Dans un premier temps, je me suis rapproché des différents acteurs de ce dossier : jeunes, parents et professionnels de la Maison de quartier, collaborateurs et partenaires. Je me suis mis à leur disposition pour écouter, confronter, analyser les différents points de vue. Trois mois se sont écoulés afin que nous puissions rendre lisible de justes revendications : celles de jeunes qui trouvaient « leur part de Service Public » bien chiche. Celles aussi des parents qui souhaitaient s’investir. Ils condamnaient sans détour l’attitude des jeunes mais partageaient aussi leur déception légitime et validaient leurs revendications.
Enfin, celles des professionnels, partenaires et collaborateurs désarmés qui constataient volontiers le manque de services publics et en appelaient aux directions jeunesse et enfance pour trouver LA solution.
Début juin, les parties prenantes s’impatientaient : « où en était la fameuse solution ? ». Aussi, Je ne tardais pas à proposer la création d’une ludothèque municipale. La ville disposait d’un magnifique grenier au sein du centre social, un budget suffisant pour le mobilier et l’achat des jeux venait conforter mes atouts.

Le jeu, partout et pour tous

En tout état de cause, c’est la souplesse de fonctionnement d’une ludothèque qui a fait la différence. Le jeu est partout, de la maison à l’école, de la rue au centre de loisirs. Le jeu, qu’il soit simple ou sophistiqué, concerne tout le monde quelles que soient les origines, la situation sociale, l’âge, le genre, etc. Présent partout dans le monde, ce qui devait devenir mon outil de travail s’est révélé être un médiateur passionnant et pour tout dire extraordinaire. Mon engouement, jusqu’à ce jour, ne s’est pas éteint et celui des habitants n’a pas été démenti.
Cependant, deux questions restaient à régler et non des moindres. Les questions du fonctionnement et des moyens humains étaient particulièrement essentielles à traiter. Concernant le premier point, je ne remercierai jamais assez l’Association des ludothèques d’Ile-de-France qui nous a guidés au sens propre comme au figuré. Bien sûr, je n’oublie pas le rôle majeur joué par nos collègues de la ludothèque associative du Franc-Moisin « Les enfants du jeu ». Les conseils éclairés de Nadège Haberbush, directrice emblématique et de ses collègues m’ont été d’un grand et essentiel renfort.

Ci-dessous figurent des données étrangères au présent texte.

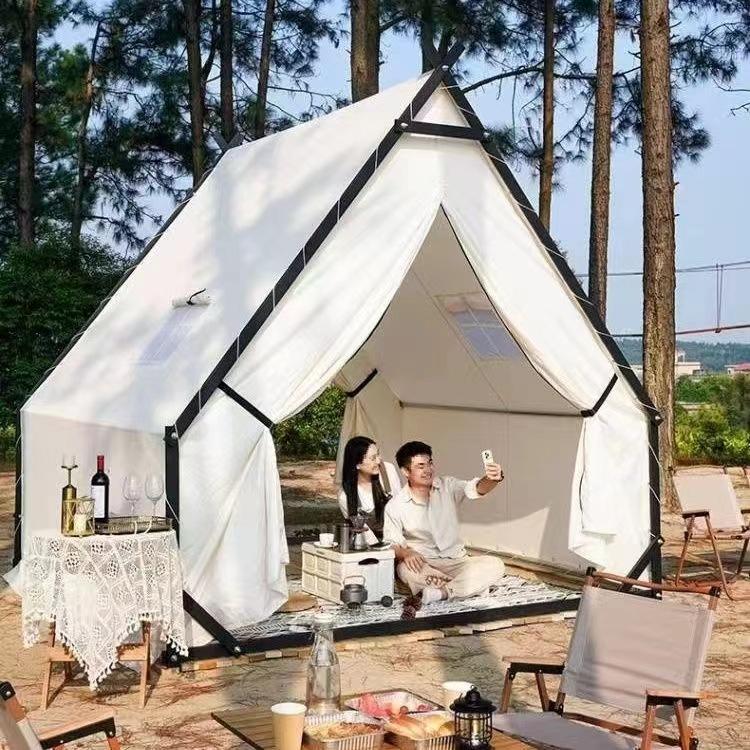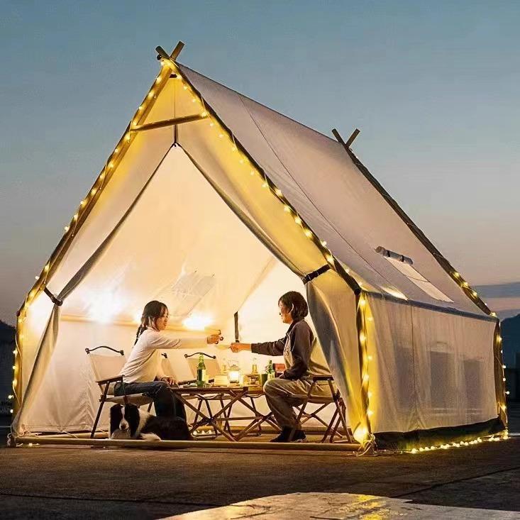 2* 2m 목조 주택 유형 텐트 바닥 없음 따뜻한 램프 제공

Les habitantes et habitants à l’ouvrage

La question des moyens humains, dont les ludothécaires, a été certainement la plus complexe à résoudre. C’est de manière pratico-pratique que j’ai décidé de mobiliser un groupe d’une vingtaine d’habitants composé en grande majorité de mamans et d’adolescents. Je leur ai proposé de devenir co-constructeurs de la première Ludothèque Municipale. De la couverture des jeux aux achats, en passant par l’organisation de l’activité, le budget et le respect des règles de vie, rien ne leur a été épargné. Ces bénévoles ont accompli un travail remarqué et remarquable. Une reconnaissance qui a trouvé son apogée à l’occasion d’une soirée porte ouverte. Nous avons été loués et remerciés chaleureusement par l’équipe municipale pour la qualité de notre démarche participative.
Parallèlement, je me suis adjoint le soutien d’un objecteur de conscience, Stéphane Ouradou. Stéphane était fort d’une passion illimitée pour les jeux, notamment de construction, et d’un sens aigu du service public. Il est rapidement devenu incontournable, indispensable à la mise en œuvre de cette nouvelle activité municipale. Sa gentillesse lui a conquis l’amitié et l’estime de tous.

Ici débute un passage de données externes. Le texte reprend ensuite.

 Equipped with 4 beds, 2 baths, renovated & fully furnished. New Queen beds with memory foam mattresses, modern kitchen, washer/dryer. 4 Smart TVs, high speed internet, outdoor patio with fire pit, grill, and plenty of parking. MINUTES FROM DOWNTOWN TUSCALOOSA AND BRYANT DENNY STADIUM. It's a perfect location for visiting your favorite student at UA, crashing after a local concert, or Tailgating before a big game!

Saint-Denis, une des toutes premières villes équipées d’autant de ludothèques

En juin 1993, la première ludothèque municipale était née pour atteindre jusqu’à 350 inscrits. Elle rejoignait ainsi sa grande sœur associative du Franc-Moisin.
Par la suite, les « Ludos » se développèrent au rythme approximatif d’une tous les deux ans. Une au centre-ville suite à une pétition d’habitants qui désiraient le même équipement qu’à la Plaine Saint-Denis. Une autre à Floréal pour contribuer à la réussite d’un ensemblier de services publics.
A cette occasion, nous avons rejoint assistantes sociales, éducateurs, animateurs jeunesse et professionnels de la démarche quartier. Puis se furent les quartiers Cosmonautes et Allende pour enrichir un maillage de service publics estimé trop maigre. La ludothèque Auguste Poullain pour favoriser le partenariat avec la petite enfance et le public étudiant... Bien plus tard, la ludothèque Pierre Sémard sur le modèle de la toute première. Et ce jusqu’à ce que Saint-Denis devienne une des toutes premières villes de France à compter autant de structures de ce type.
Au fil du temps, dans ce cadre, les pratiques professionnelles se sont affinées et enrichies. Aux prêts de jeux, à la pratique sur place ou en extérieur sont venus se rajouter, notamment, la participation à des grands évènements : Festivals du jeu aux cotés de nos partenaires de Franc-Moisin, Fête de Saint Denis, Cité des Sciences, Résidences retraités…
Comment oublier la coupe du monde de football de 1998. Cette dernière a vu la place du 8 mai 1945 se transformer, grâce à notre partenaire Olivier Darné – à l’origine du Miel Béton et de l’actuel Parti poétique –, en gigantesque château fort et nos ludothécaires acheminer des centaines de jeux et jouets du monde entier. Comment ne pas se souvenir de ces milliers de sourires illuminant les visages de ces joueurs petits et grands. Et des supporters, venus, eux aussi, à la rencontre des Dionysiens…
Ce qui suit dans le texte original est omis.